Neither a Rationalist Nor an Empiricist Be: The Primacy of Interpretation Over Theory or Data

There is a dramatic diversity in the methodologies employed by social scientists, even within a single field. These range from in person ethnographies and interviews (which may be relatively structured or not) to structured surveys, and all the way up to statistical analysis of aggregate, socioeconomic or demographic data. When controversies flare up over the validity of particular approaches, a predictable pattern plays out.

The modern empiricist makes the seemingly obvious point that theory doesn’t mean much if it doesn’t line up with reality. Data is about collecting information about reality, therefore one should begin with the data.

The modern rationalist replies that you need theory to tell you what data would be salient in the first place, and to understand the meaning of the data you do collect.

The empiricist replies that it doesn’t take much theory to get off the ground, as long as you focus on making your theory testable (or more popularly, falsifiable). But a strong emphasis on theory tends to insulate ideas against the real world, rendering them worse than useless; perhaps actively harmful.

The rationalist replies that these are all theoretical considerations, checkmate empiricist!

The empiricist rolls his eyes at this example of the kind of unhelpful tautological thinking rationalists engage in.

And so on.

Neither theory nor data reign supreme; interpretation does. Data is not self-interpreting, and theory can guide interpretation but is never the whole story. The scope of possible interpretations we can make is constrained by what Gadamer called our horizons. We speak of people having broader or narrower horizons, and that’s more or less what Gadamer had in mind.

The Zebra Storyteller” is a silly, simplistic version of how this works. It’s not so much that broader horizons increases the scope of what you believe, but of what you are capable of believing, or even of imagining. Having more and varying life experience, but also fiction, art, poetry, and conversation, can all broaden your horizons, expanding the different ways in which you are capable of understanding something. This is the heart of the human capabilities required to make theory or data actually useful; indeed, usable.

Horizons can be broad or narrow as a general matter but they can also be relatively broad or narrow in a specific domain.
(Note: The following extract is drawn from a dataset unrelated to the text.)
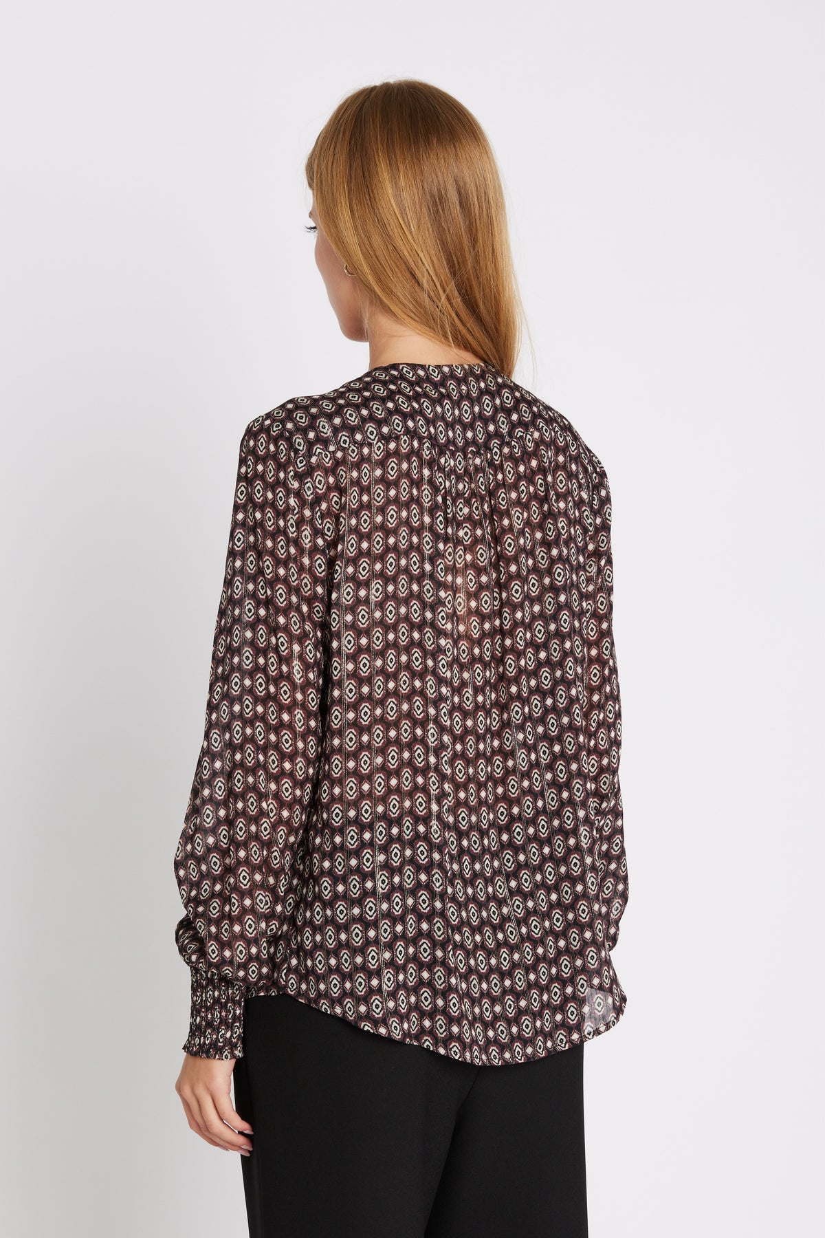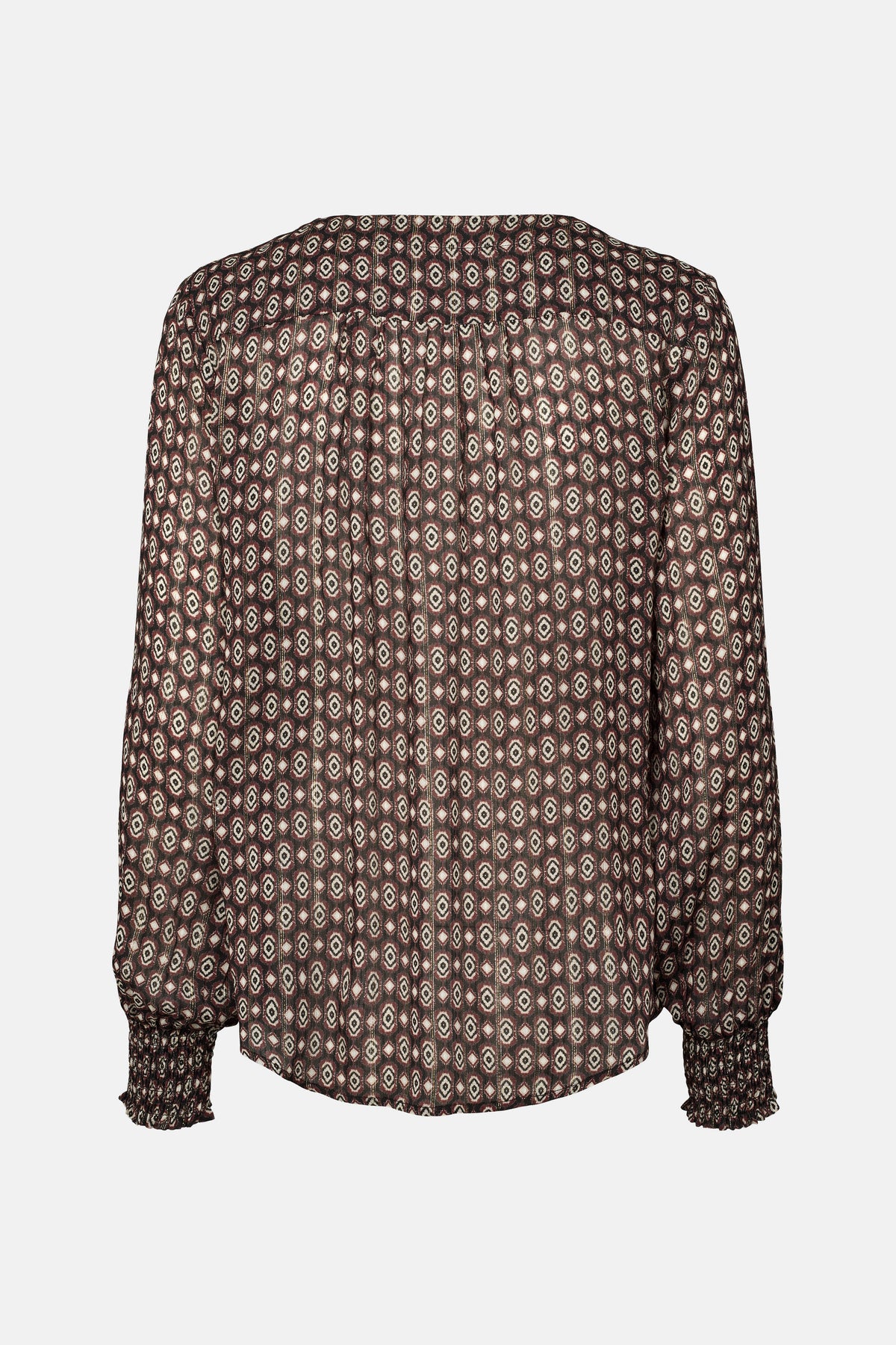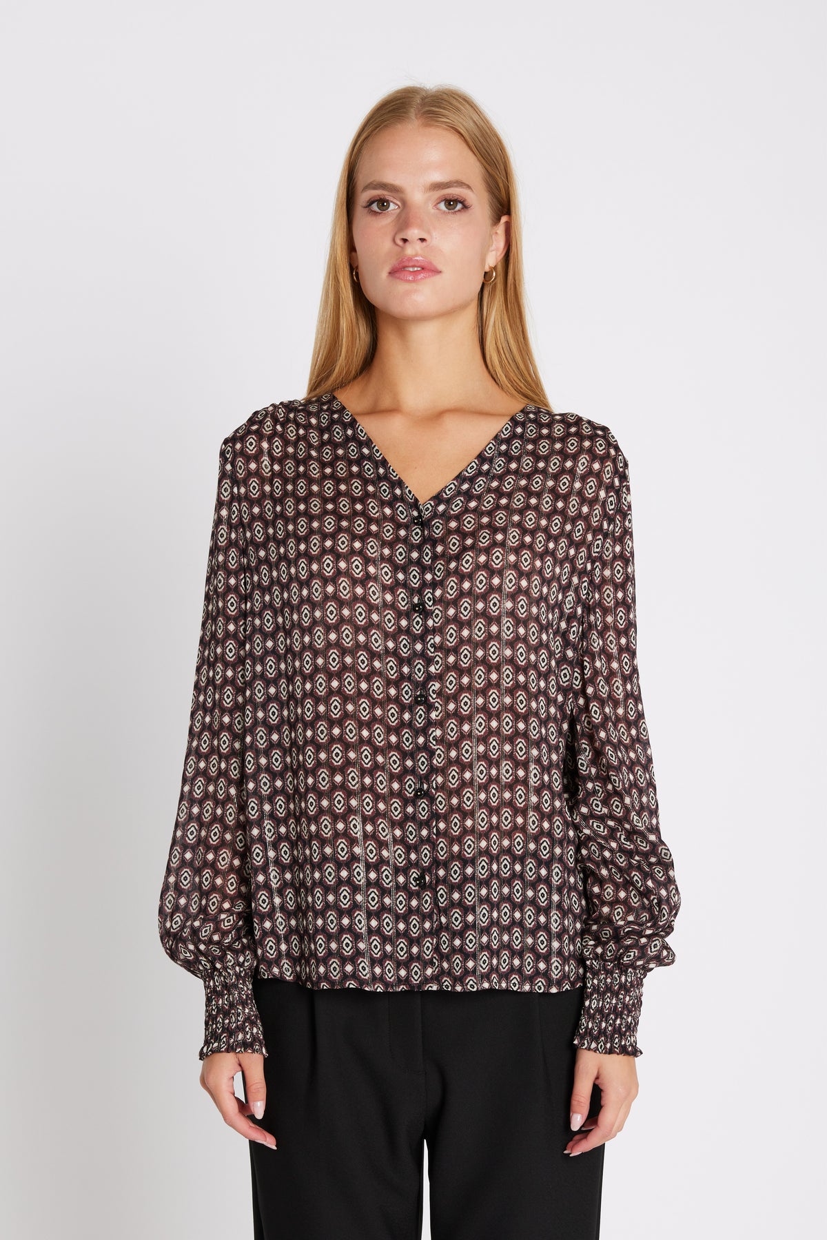 7618RDFVeda skjorte er en mønstret skjorte med V-udskæring og lange ærmer afsluttet med smockmanchetter. Den lette silhuet og de feminine detaljer giver et elegant og moderne udtryk.

In science and in scholarship, reading about the different theories, approaches, and analyses available in one’s field (or outside of it!) are key ways to expand one’s disciplinary horizons. But that does not mean the resources from the rest of your life cannot be brought to bear; a novel interpretation of the data may occur to you due to experiences quite apart from those in your discipline or even in any discipline. A theorist may devise a new model based on a favorite story from childhood. And so forth.

And then, once you’ve written your paper, your interpretation is submitted to the larger disciplinary conversation. Other people whose horizons have been formed by different experiences, studies, stories, art, and conversations, can criticize your interpretations, perhaps even see things about why you would leap to that interpretation you yourself did not realize.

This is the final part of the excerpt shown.